Go through the records below and set each one down exactly, leaving out any pictures.

• • • •

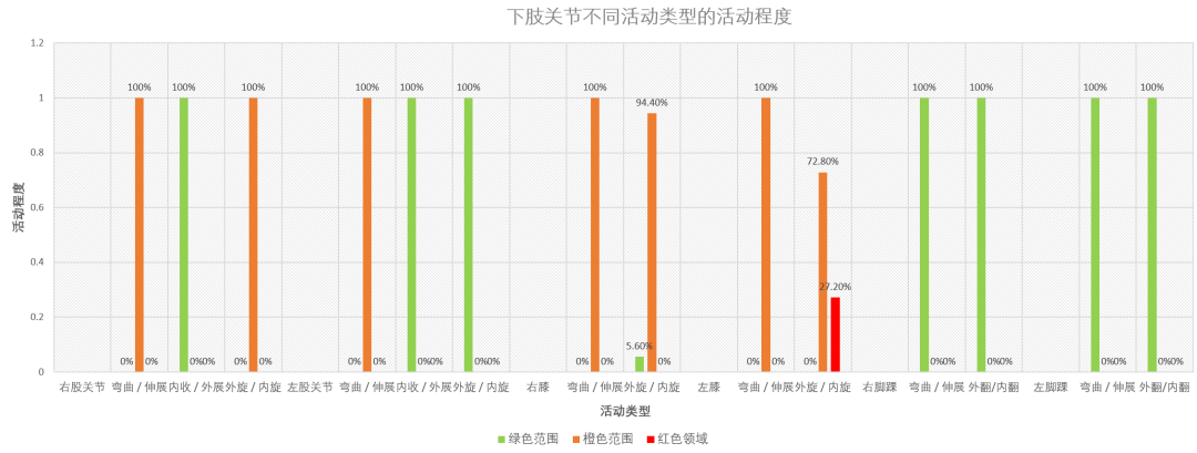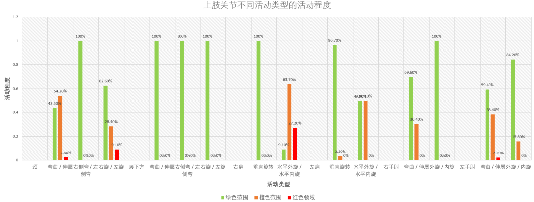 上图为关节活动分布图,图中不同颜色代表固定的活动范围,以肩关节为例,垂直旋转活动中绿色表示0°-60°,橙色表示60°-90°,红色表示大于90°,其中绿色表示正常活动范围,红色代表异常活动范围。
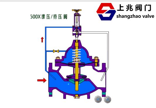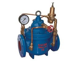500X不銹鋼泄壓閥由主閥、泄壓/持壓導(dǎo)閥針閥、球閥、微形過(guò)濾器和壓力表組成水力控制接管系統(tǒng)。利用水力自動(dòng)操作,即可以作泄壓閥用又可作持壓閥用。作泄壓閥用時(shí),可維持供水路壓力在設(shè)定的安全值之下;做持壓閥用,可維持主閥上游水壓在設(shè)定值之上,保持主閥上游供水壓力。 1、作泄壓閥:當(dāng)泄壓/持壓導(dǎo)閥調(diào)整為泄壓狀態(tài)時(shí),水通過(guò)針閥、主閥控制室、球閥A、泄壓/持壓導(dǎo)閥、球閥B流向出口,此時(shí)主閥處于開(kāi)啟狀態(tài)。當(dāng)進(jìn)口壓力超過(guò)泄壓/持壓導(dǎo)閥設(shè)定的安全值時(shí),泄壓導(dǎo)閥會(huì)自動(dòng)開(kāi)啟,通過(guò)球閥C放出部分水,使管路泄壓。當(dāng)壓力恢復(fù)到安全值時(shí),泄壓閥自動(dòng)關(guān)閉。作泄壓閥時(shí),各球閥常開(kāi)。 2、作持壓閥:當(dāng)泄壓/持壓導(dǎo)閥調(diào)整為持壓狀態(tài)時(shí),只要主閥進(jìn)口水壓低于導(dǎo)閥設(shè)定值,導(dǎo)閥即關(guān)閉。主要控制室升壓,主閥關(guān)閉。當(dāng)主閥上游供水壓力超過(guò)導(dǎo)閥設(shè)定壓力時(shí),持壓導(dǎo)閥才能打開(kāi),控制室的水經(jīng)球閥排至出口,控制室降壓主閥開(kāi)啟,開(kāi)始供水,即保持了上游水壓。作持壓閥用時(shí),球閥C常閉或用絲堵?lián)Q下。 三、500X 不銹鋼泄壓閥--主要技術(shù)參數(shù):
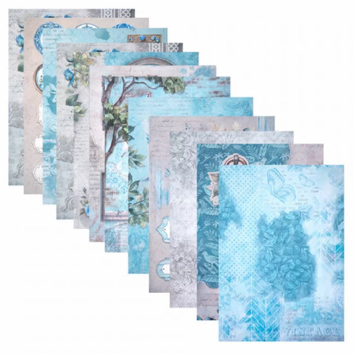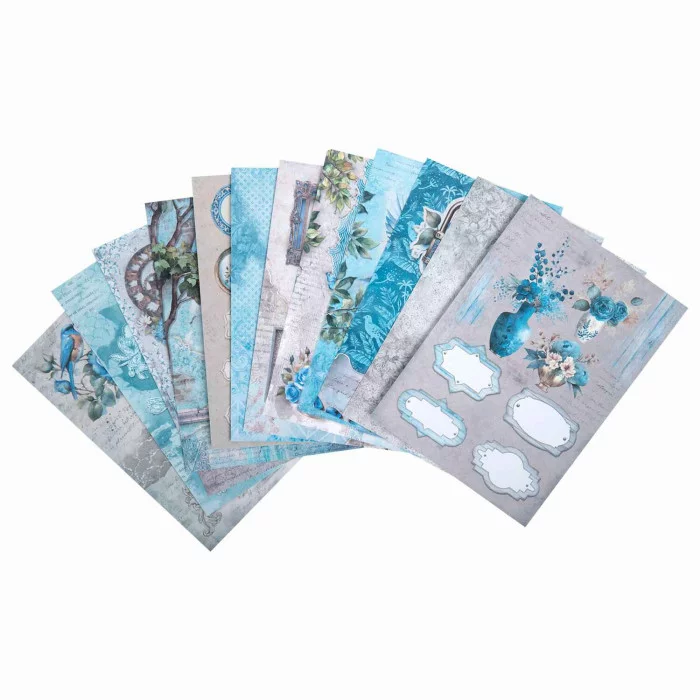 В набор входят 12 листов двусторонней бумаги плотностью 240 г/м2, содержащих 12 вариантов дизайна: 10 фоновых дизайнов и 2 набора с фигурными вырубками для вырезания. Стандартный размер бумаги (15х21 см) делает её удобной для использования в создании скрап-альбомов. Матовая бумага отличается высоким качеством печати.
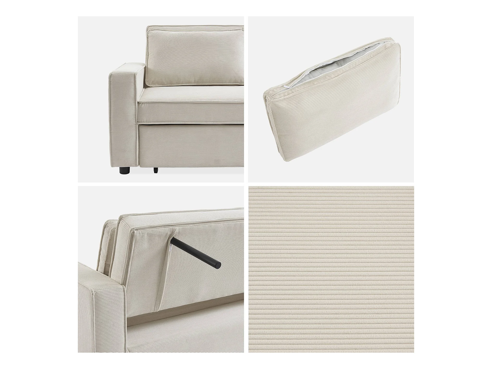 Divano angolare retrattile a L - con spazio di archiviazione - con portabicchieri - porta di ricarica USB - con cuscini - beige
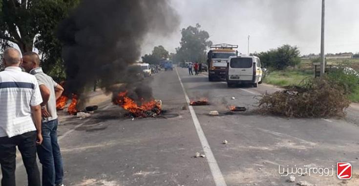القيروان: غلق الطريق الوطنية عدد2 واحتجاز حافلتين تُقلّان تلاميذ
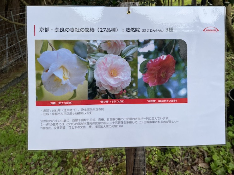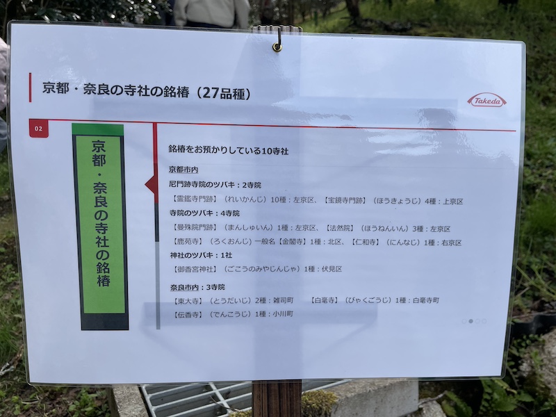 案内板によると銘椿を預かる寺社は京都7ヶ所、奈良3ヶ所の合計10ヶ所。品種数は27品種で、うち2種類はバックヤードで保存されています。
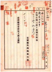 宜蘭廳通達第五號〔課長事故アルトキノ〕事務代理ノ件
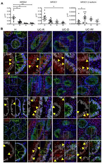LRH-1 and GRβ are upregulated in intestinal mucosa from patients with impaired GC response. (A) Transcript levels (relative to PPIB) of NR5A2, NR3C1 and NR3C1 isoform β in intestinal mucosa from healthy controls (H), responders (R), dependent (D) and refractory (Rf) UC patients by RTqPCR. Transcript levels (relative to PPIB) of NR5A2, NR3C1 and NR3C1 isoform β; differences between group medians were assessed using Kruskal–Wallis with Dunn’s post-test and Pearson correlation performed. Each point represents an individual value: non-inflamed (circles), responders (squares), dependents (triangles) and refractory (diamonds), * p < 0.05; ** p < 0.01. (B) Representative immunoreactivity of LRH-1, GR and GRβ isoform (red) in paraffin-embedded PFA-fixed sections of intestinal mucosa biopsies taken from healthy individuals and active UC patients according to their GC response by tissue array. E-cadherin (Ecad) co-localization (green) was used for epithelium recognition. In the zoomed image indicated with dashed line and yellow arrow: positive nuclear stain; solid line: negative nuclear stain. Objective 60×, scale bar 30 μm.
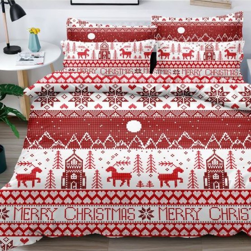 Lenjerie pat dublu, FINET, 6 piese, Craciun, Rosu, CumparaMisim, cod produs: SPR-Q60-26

• • • •

- Response
 上图为关节活动分布图,图中不同颜色代表固定的活动范围,以肩关节为例,垂直旋转活动中绿色表示0°-60°,橙色表示60°-90°,红色表示大于90°,其中绿色表示正常活动范围,红色代表异常活动范围。
500X不銹鋼泄壓閥由主閥、泄壓/持壓導(dǎo)閥針閥、球閥、微形過(guò)濾器和壓力表組成水力控制接管系統(tǒng)。利用水力自動(dòng)操作,即可以作泄壓閥用又可作持壓閥用。作泄壓閥用時(shí),可維持供水路壓力在設(shè)定的安全值之下;做持壓閥用,可維持主閥上游水壓在設(shè)定值之上,保持主閥上游供水壓力。 1、作泄壓閥:當(dāng)泄壓/持壓導(dǎo)閥調(diào)整為泄壓狀態(tài)時(shí),水通過(guò)針閥、主閥控制室、球閥A、泄壓/持壓導(dǎo)閥、球閥B流向出口,此時(shí)主閥處于開(kāi)啟狀態(tài)。當(dāng)進(jìn)口壓力超過(guò)泄壓/持壓導(dǎo)閥設(shè)定的安全值時(shí),泄壓導(dǎo)閥會(huì)自動(dòng)開(kāi)啟,通過(guò)球閥C放出部分水,使管路泄壓。當(dāng)壓力恢復(fù)到安全值時(shí),泄壓閥自動(dòng)關(guān)閉。作泄壓閥時(shí),各球閥常開(kāi)。 2、作持壓閥:當(dāng)泄壓/持壓導(dǎo)閥調(diào)整為持壓狀態(tài)時(shí),只要主閥進(jìn)口水壓低于導(dǎo)閥設(shè)定值,導(dǎo)閥即關(guān)閉。主要控制室升壓,主閥關(guān)閉。當(dāng)主閥上游供水壓力超過(guò)導(dǎo)閥設(shè)定壓力時(shí),持壓導(dǎo)閥才能打開(kāi),控制室的水經(jīng)球閥排至出口,控制室降壓主閥開(kāi)啟,開(kāi)始供水,即保持了上游水壓。作持壓閥用時(shí),球閥C常閉或用絲堵?lián)Q下。 三、500X 不銹鋼泄壓閥--主要技術(shù)參數(shù):
 В набор входят 12 листов двусторонней бумаги плотностью 240 г/м2, содержащих 12 вариантов дизайна: 10 фоновых дизайнов и 2 набора с фигурными вырубками для вырезания. Стандартный размер бумаги (15х21 см) делает её удобной для использования в создании скрап-альбомов. Матовая бумага отличается высоким качеством печати.
 Divano angolare retrattile a L - con spazio di archiviazione - con portabicchieri - porta di ricarica USB - con cuscini - beige
القيروان: غلق الطريق الوطنية عدد2 واحتجاز حافلتين تُقلّان تلاميذ
 案内板によると銘椿を預かる寺社は京都7ヶ所、奈良3ヶ所の合計10ヶ所。品種数は27品種で、うち2種類はバックヤードで保存されています。
 宜蘭廳通達第五號〔課長事故アルトキノ〕事務代理ノ件
LRH-1 and GRβ are upregulated in intestinal mucosa from patients with impaired GC response. (A) Transcript levels (relative to PPIB) of NR5A2, NR3C1 and NR3C1 isoform β in intestinal mucosa from healthy controls (H), responders (R), dependent (D) and refractory (Rf) UC patients by RTqPCR. Transcript levels (relative to PPIB) of NR5A2, NR3C1 and NR3C1 isoform β; differences between group medians were assessed using Kruskal–Wallis with Dunn’s post-test and Pearson correlation performed. Each point represents an individual value: non-inflamed (circles), responders (squares), dependents (triangles) and refractory (diamonds), * p < 0.05; ** p < 0.01. (B) Representative immunoreactivity of LRH-1, GR and GRβ isoform (red) in paraffin-embedded PFA-fixed sections of intestinal mucosa biopsies taken from healthy individuals and active UC patients according to their GC response by tissue array. E-cadherin (Ecad) co-localization (green) was used for epithelium recognition. In the zoomed image indicated with dashed line and yellow arrow: positive nuclear stain; solid line: negative nuclear stain. Objective 60×, scale bar 30 μm.
 Lenjerie pat dublu, FINET, 6 piese, Craciun, Rosu, CumparaMisim, cod produs: SPR-Q60-26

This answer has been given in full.